August 15th, 2010Flood Insurance May Be The New Norm For Iowans
Iowa officials say recent flooding proves that all Iowans should consider buying flood insurance. “Earlier in the year the lieutenant governor and I were in Clarion to look at flood damage there and the important part that stood out about Clarion is there was not a river nearby,” David Miller, administrator to the Iowa Homeland Security and Emergency Management division, told Radio Iowa. “It wasn’t river flooding. It was flash flooding and runoff.” Miller told all Iowans– regardless of whether they live near a river or not– that they need to be concerned with possible flooding. “What we’re seeing is almost anybody can be affected by flooding and it’s why we’ve been really promoting involvement and joining in the National Flood Insurance Program,” he told Radio Iowa.
Recent flooding has struck the city of Ames severely. Two rivers meet there, but other cities and towns experiencing flooding aren’t near bodies of water. Governor Culver told Radio Iowa the “new normal” in the state appears to be “unprecedented” flooding. “In Ames, this is worse than ’93 and so anything that we can do in terms of flood mitigation, flood prevention — we need to make that a priority here at the capitol,” Culver told Radio Iowa.
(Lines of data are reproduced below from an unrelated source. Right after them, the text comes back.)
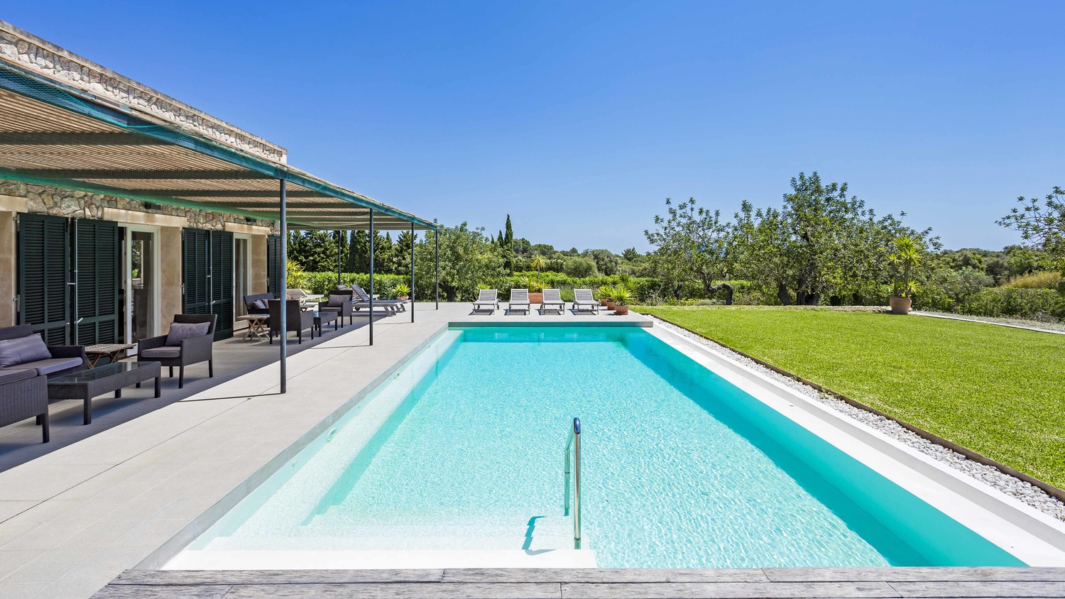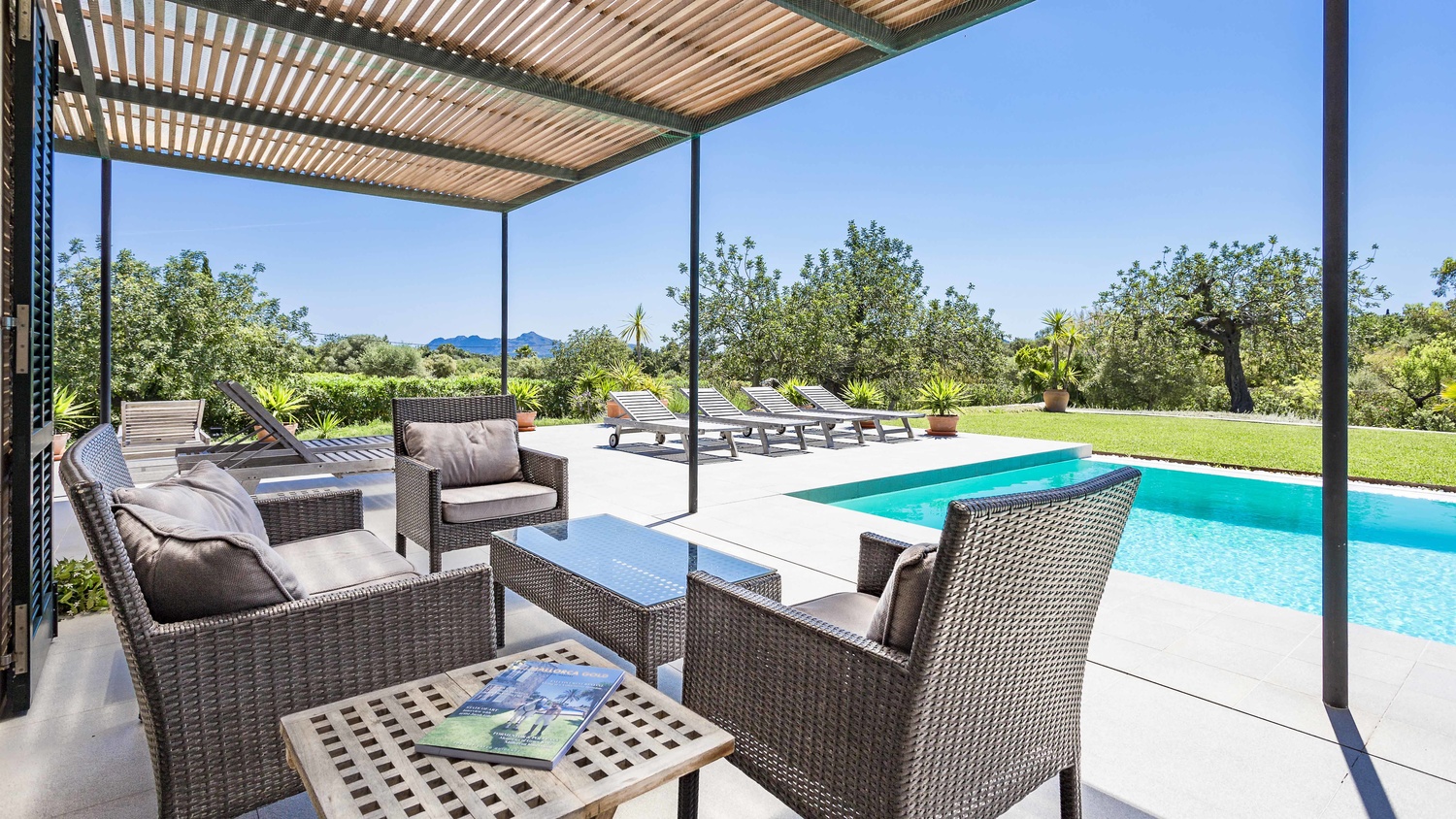 This Modern Country house for sale in Pollensa is south oriented and enjoys absolute privacy and a wonderful panoramic view of the surrounding countryside.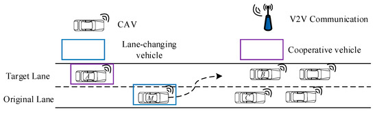 - All the CAVs involved in this work can share real-time information accurately and timely based on V2V communication [38]. It is assumed that there is no packet loss and communication delay during the process of information sharing.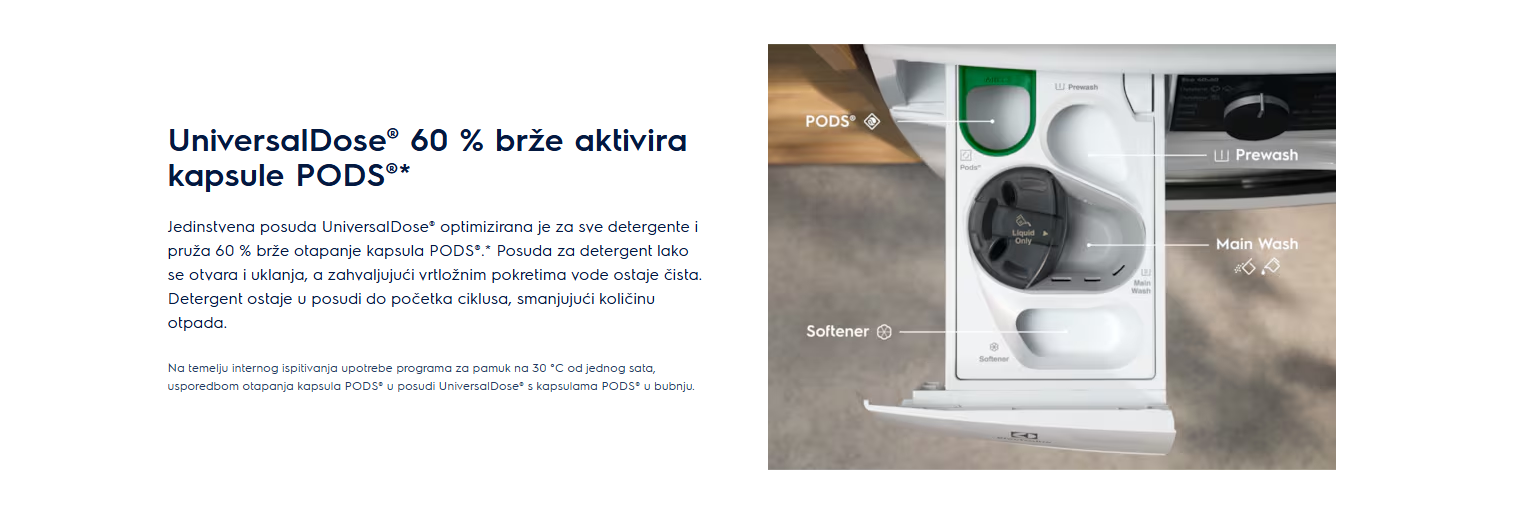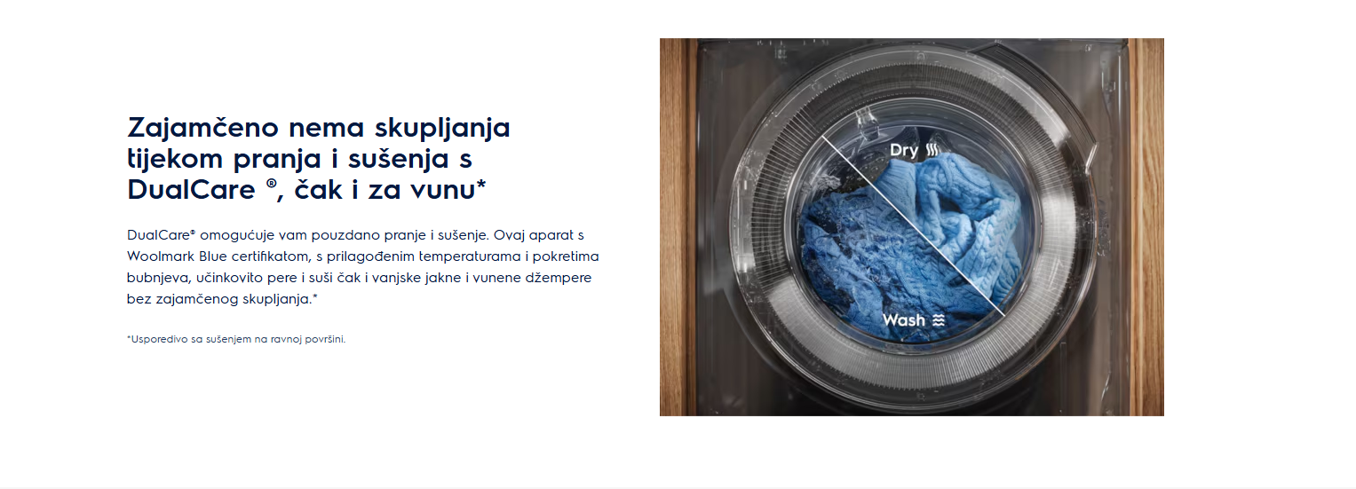 Perite, sušite ili parno čistite u jednom uređaju. Perilica-sušilica 800 s tehnologijom UltraCare pruža učinkovito čišćenje, čak i na 30°C uz unaprijed miješani i ravnomjerno raspoređeni deterdžent i omekšivač. I temeljitim sušenjem izbjegava se skupljanje, čak i za vunu. Universal Dose® 60% brže aktivira kapsule PODS® Osvježite parom i ponovno nosite, uz uštedu do 96% vode. Zajamčeno nema skupljanja tokom pranja i sušenja s DualCare ®, čak i za vunu. Daljinski upravljajte svojim uređajima za pranje rublja uz Connected.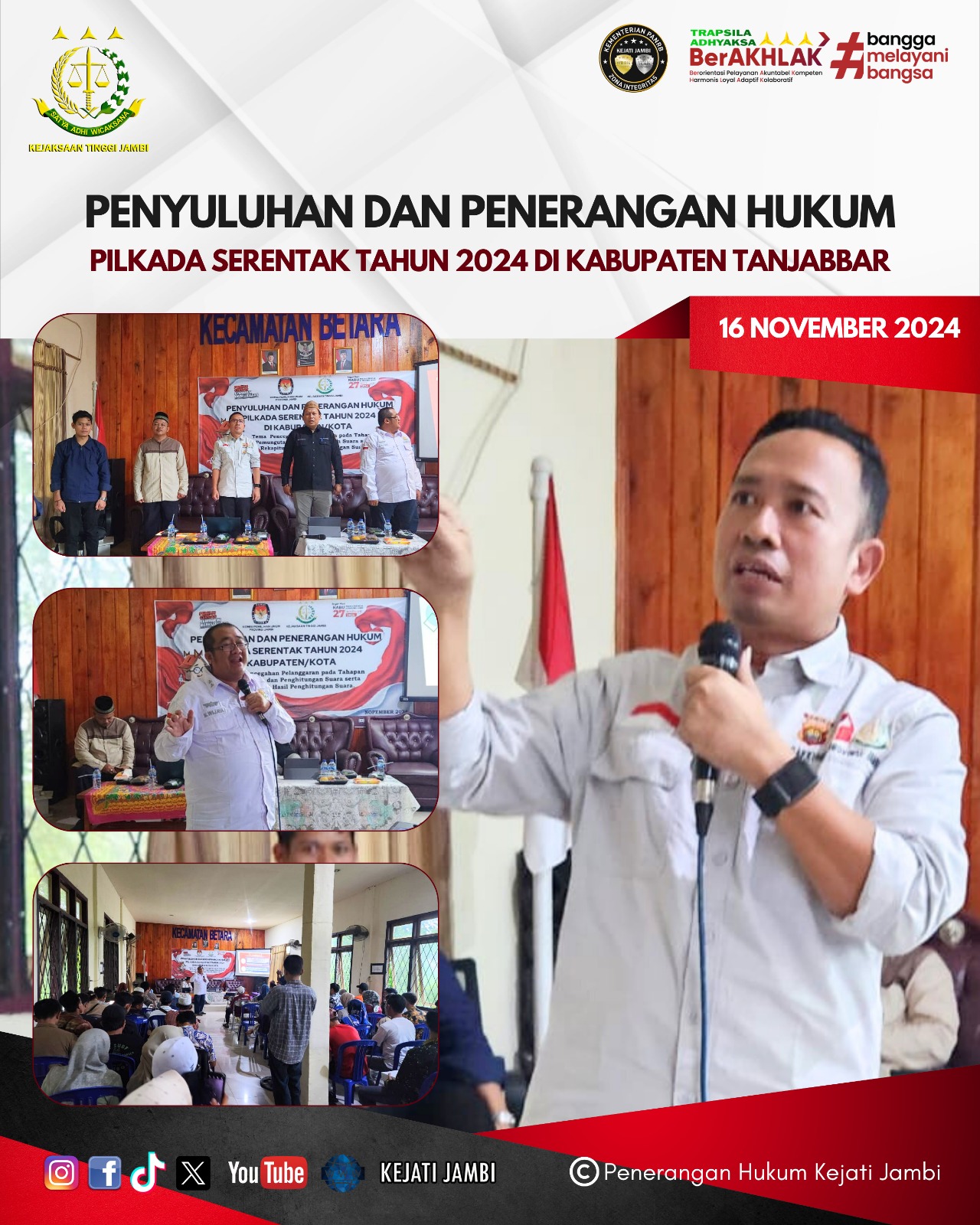 JAMBI.PILARDAERAH.COM — Dalam rangka mendukung kelancaran dan kesuksesan Pilkada Serentak 2024, Kejaksaan Tinggi (Kejati) Jambi bekerja sama dengan Komisi Pemilihan Umum (KPU) Provinsi Jambi menggelar kegiatan Penerangan Hukum di 11 Kabupaten/Kota Se-provinsi Jambi.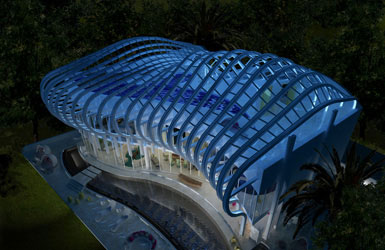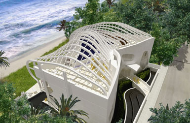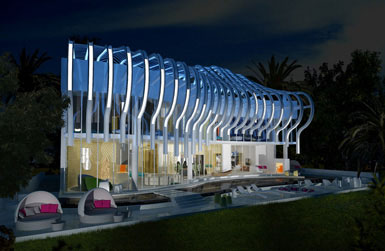 ![]() ![]() ![]() ![]() Mobius設計集團在塞浦路斯南海岸的拉納卡(Larnaca)設計了一座私人豪華別墅,坐落在水岸邊一個1525平方米的地塊上。建筑師Andreas Trisveis特意跑到香港來尋找設計理念。 這座未來派的別墅有912平方米,很像是日本藝術家Κatsushika Hokusai的畫“巨浪”。別墅非同尋常的雕塑般外形就如同附近拍打的浪花。 不銹鋼和玻璃建造的屋頂頂棚會根據外部溫度自動打開。建成后整座住房都會利用高科技系統來自動操作。屋頂還有一座花園,設置了酒吧、浴缸和瑜伽平臺。 內部空間采用了1960年代邁阿密的風格,地下是溫泉區,底層則是餐廳、起居室、娛樂室以及辦公室、臺球室和專門儲藏雪茄的房間等。別墅設有四間臥室和一座高級套房,還有專為客人準備的起居室。 面朝大海建造了一座大型的泳池,別墅彎曲的線條融合在了天際線中,頗有些Gustave Flaubert筆下所寫的,海面平滑,水平線上的浪花緩緩向天際涌動。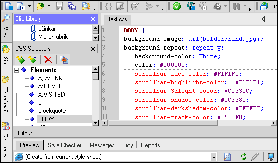 Det här är det enligt min uppfattning bästa verktyget för att skapa stilmallar när man inte vill skriva koden själv. I förgranskningsfönstret ser du direkt hur ändringar i koden kommer att påverka sidornas utseende.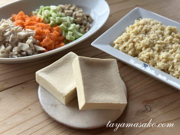 ・高野豆腐を戻し、そのままか、みじん切り(フードプロセッサーにかける)して、塩麴か醤油麹・甘酒をまぶし分解させます。(塩麴や醤油麹がなければそのままでもokですが分解はしない)
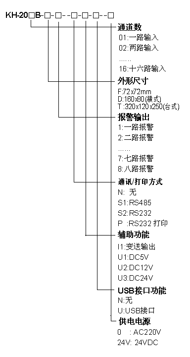 外型尺寸:D型160×80mm;兩個繼電器報警輸出;USB接口功能;220VAC供電電源
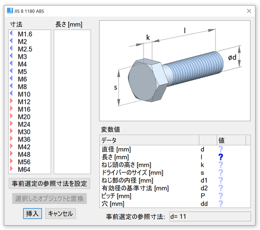 部品メニューから部品の規格と種類(ねじ、座金等)を選択します。六角ボルトのような特定の部品はアイコンメニューから選択できます。寸法を設定する場合、次の選択ができます。
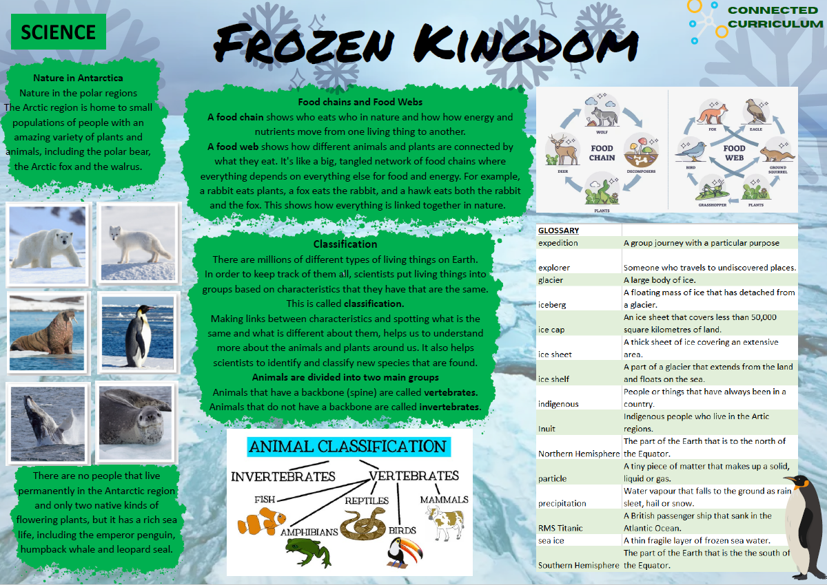 Welcome to the planet’s coldest lands. Vast wilds and hostile territories; incredibly beautiful, yet often deadly. Take shelter from the elements or fall prey to icy winds and the deepest chill. Trek bravely and valiantly across treacherous terrain to the ends of the Earth, treading deep in snow or being pulled by a team of mighty sled dogs. Be alert, for magnificent mammals roam these lands, sometimes hungry or fresh for a fight. Perhaps a hungry polar bear or an Arctic fox is hunting rodents, as swift as the wind. Research facts and figures of climate, temperature, habitats and ecosystems, and compose evocative poems about the Northern Lights. Become part of an Antarctic rescue team, braving the elements to rescue terrified passengers from a ship struck by a deadly iceberg that hides deep beneath the Southern Ocean. Wrap up well and settle by the fire. I’m just going outside and may be some time.

Local insurance agents say most of their clients don’t carry flood insurance. State Farm Insurance Agent Pat Brown told the Ames Tribune that her customers only carry it if federal law requires them to. “If water seeps through basement walls or breaks the basement windows, that’s flood damage, and it’s hard for people to get their arms around that,” Brown said. Officials with the Iowa Insurance Division told the Ames Tribune that most homeowners’ policies don’t cover flood damage. “We remind people annually that one out of every four ‘flood events,’ as we call them, happens outside flood plains,” Tom Alger of the Iowa Insurance Division told the Ames Tribune.